KLAペプチドとHPRP-A1との抗がん活性を高めること

アポトーシス誘導ペプチドKLA（Klaklak）2は、ミトコンドリア膜を破壊し、癌細胞のアポトーシスを誘導する能力を持っていますが、このペプチドには真核生物細胞に浸透する可能性が低い。したがって、マイクロモル濃度での効果的な転座のために他のペプチドの支援が必要です。この研究では、乳がんおよび肺がん細胞を、膜活性抗がんペプチドHPRP-A1と共拘束されたKLAペプチドによって処理されました。HPRP-A1はKLAが癌細胞に侵入するのを支援し、ミトコンドリア膜上に局在してシトクロムCの放出とミトコンドリアの脱分極をもたらし、最終的にアポトーシスを誘導しました。KLAグループとのHPRP-A1 CoAdministrationによって誘導されます。乳がんモデルはマウスで構築され、抗がんペプチドを注入して癌量の変化を観察し、薬物を投与した後に組織および臓器で免疫組織化学分析を実施しました。腫瘍組織の体重と体積の両方は、Thosepeptidealonggroupsと比較して、KLA群とHPRP-A1で顕著に低かった。結果は、複合薬物群が癌の成長を効果的に阻害し、正常組織に毒性損傷を引き起こさなかったことを示し、in vitroおよびin vivoでのペプチド抗がん活性を大幅に改善したことを示しました。

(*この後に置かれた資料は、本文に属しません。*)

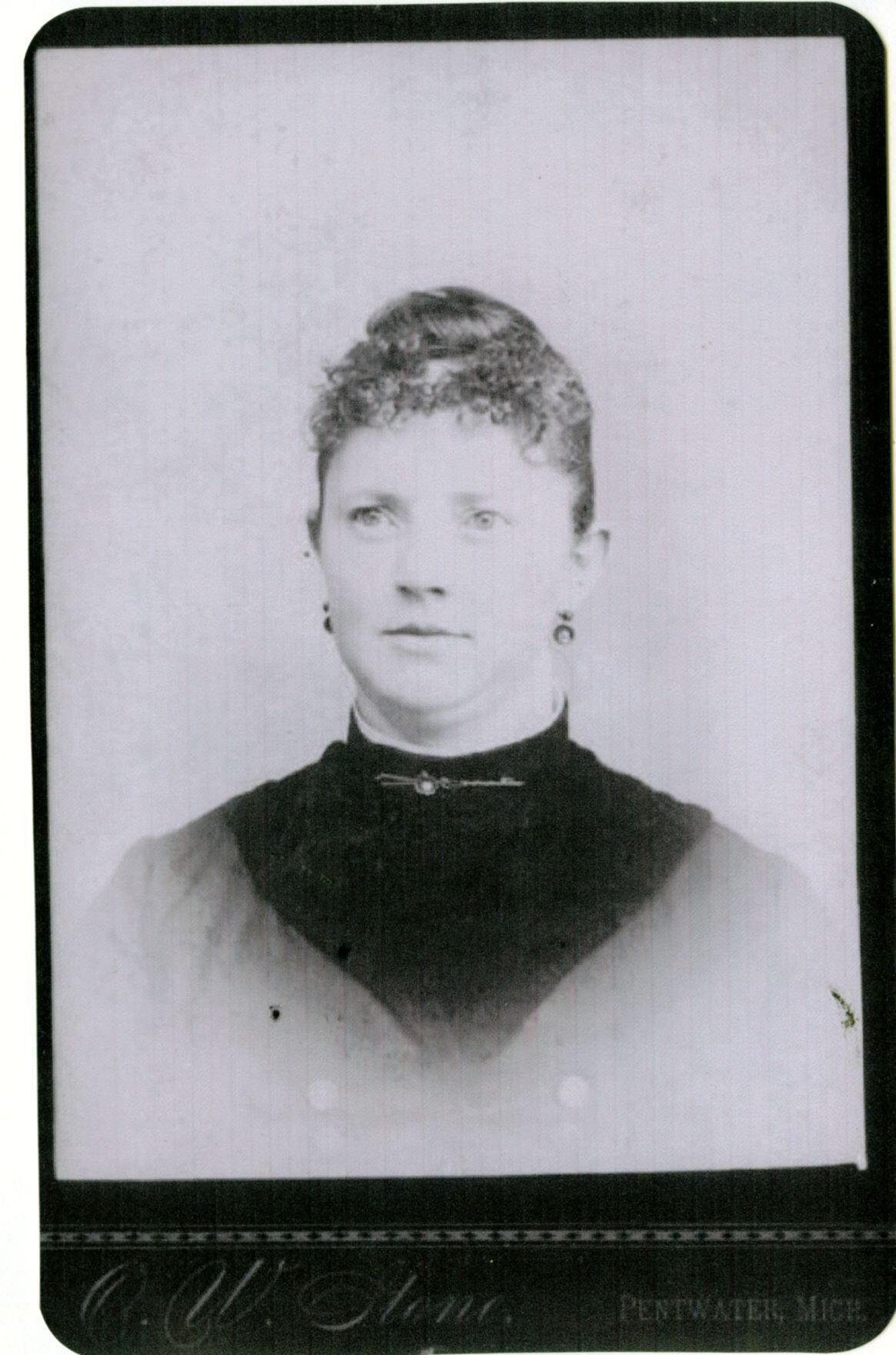 Susan A. (Connell) Wickham, wife of DeWitt Clinton Cornelius Wickham. Photocopy of a cabinet card taken at Pentwater, Michigan.

The apoptosis-inducing peptide kla (KLAKLAK)2 possesses the ability to disrupt mitochondrial membranes and induce cancer cell apoptosis, but this peptide has a poor eukaryotic cell-penetrating potential. Thus, it requires the assistance of other peptides for effective translocation at micromolar concentrations. In this study, breast and lung cancer cells were treated by kla peptide co-administrated with membrane-active anticancer peptide HPRP-A1. HPRP-A1 assisted kla to enter cancer cells and localized on mitochondrial membranes to result in cytochrome C releasing and mitochondrial depolarization which ultimately induced apoptosis.The apoptosis rate was up to 65%and 45% on MCF-7 and A549 cell lines, respectively, induced by HPRP-A1 coadministration with kla group. The breast cancer model was constructed in mice, and the anticancer peptides were injected to observe the changes in cancer volume, andimmunohistochemical analysis was performed on the tissues and organs after the drug was administered. Both the weight and volume of tumor tissue were remarkable lower in HPRP-A1 with kla group compared with thosepeptidealonggroups. The results showed that the combined drug group effectively inhibited the growth of cancer and did not cause toxic damage to normal tissues, as well as exhibited significantly improvement on peptide anticancer activity in vitro and in vivo.